AI’s role: Predict which of 1000 genes to perturb first

Experiments’ role: Establish that perturbation actually causes the effect

Causal Inference: A Brief Introduction

Modern causal inference uses Directed Acyclic Graphs (DAGs) to represent causal relationships. A DAG is a diagram with arrows showing cause-and-effect relationships, where “directed” means arrows have direction (A→B means A causes B) and “acyclic” means no circular loops exist (no A→B→C→A).

Simple DAG Example: Gene Regulation
    Transcription Factor (TF)
           ↓
       Enhancer Activity
           ↓
      Gene Expression
           ↓
        Protein Level
           ↓
        Phenotype

This DAG states:
- Changing TF changes Enhancer (causal)
- Changing Protein changes Phenotype (causal)
- Protein and TF are correlated, but not directly causally related

Key insight: The DAG helps you design experiments to establish causation, not just correlation.

For biology students:

Learn to draw causal models of your system
Use them to design experiments
Don’t confuse AI predictions (correlations) with causal claims

From Null Hypothesis Testing to Comparing Causal Models

Many biology students learn statistics through a flowchart approach:

Is data normal? → YES → t-test
               → NO → Mann-Whitney U test

The goal is typically to reject a null hypothesis: “Does this gene variant have NO effect on disease risk?” If p < 0.05, we conclude “yes, it has an effect.”

This approach has serious limitations in modern genomics:

“No effect” is not a realistic biological hypothesis
- Every variant affects something, even if weakly
- The real question isn’t “effect or no effect?” but “what mechanism causes the effect?”
Null models are not unique
- What’s the “null” for gene network evolution?
- What’s the “null” for cell-cell communication?
- Multiple process models can produce identical null predictions
Industrial vs. research contexts
- The t-test was invented for Guinness Brewery quality control: “Is this batch the same as previous batches?”
- But genomics research asks: “Which of these 10 mechanisms explains this phenotype?”

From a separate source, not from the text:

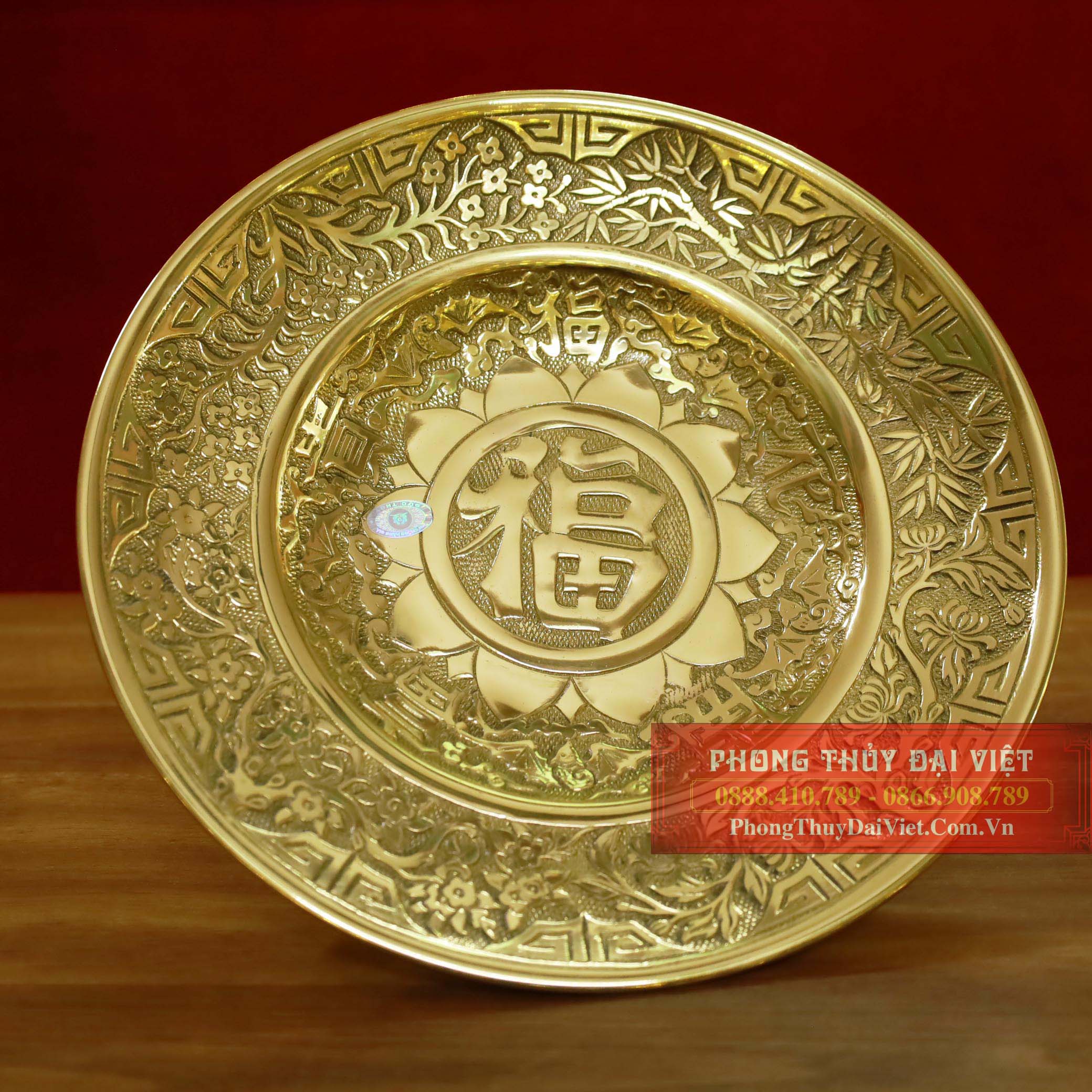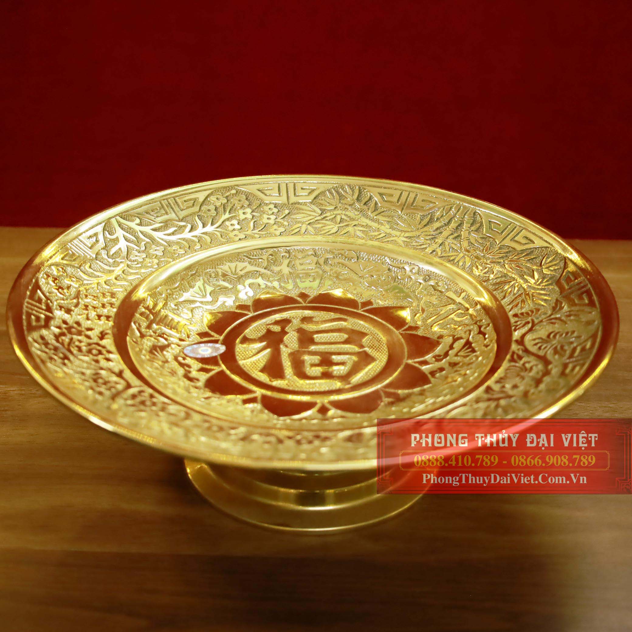 Mâm bồng chữ Phúc bằng đồng vàng bóng

What this means for AI and genomics:

When an AI model predicts “this variant is 95% likely to be pathogenic,” it’s not just saying “effect exists.” It’s implicitly proposing mechanisms based on patterns it learned. Your job as a scientist is to:

Formulate competing causal models (Does this variant disrupt transcription factor binding? Alter splicing? Change enhancer activity?)
Design experiments to compare these models
Use data to determine which mechanism best explains the phenotype

AI models should help you compare competing biological hypotheses, not just confirm that “something is significant.”

Success Stories: AI Transforming Genomics

AI has already made real discoveries across genomics. Here are key examples:

Protein Structure: AlphaFold (2020-2024)

AlphaFold 2 achieved near-experimental accuracy predicting 3D protein structures in hours instead of months (Jumper et al 2021, Nature). AlphaFold 3 extended to protein complexes and DNA/RNA interactions (Abramson et al 2024, Nature). Over 200 million structures are now freely available, accelerating drug discovery and disease research.

Variant Calling and Interpretation (2015-present)

DeepVariant treats sequencing as image recognition, reducing error rates by 50% vs. traditional methods (Poplin et al 2018, Nature Biotechnology). Now standard in clinical sequencing. Models like DeepSEA and Basenji extended this to predict regulatory variant effects (Zhou & Troyanskaya 2015, Nature Methods; Kelley et al 2018, Genome Research). Transformer models predict gene expression, chromatin state, and histone modifications from DNA sequence alone (Avsec et al 2021, Nature Methods). This enables predicting noncoding variant effects and revealing long-range regulatory interactions up to 100kb away.

Single-Cell Analysis: Foundation Models (2022-2024)

Models like scGPT and Geneformer treat genes as words in language, learning universal cellular representations (Cui et al 2024, Nature Methods; Theodoris et al 2023, Nature). This enabled the Human Cell Atlas and reduced cell type annotation from weeks to hours.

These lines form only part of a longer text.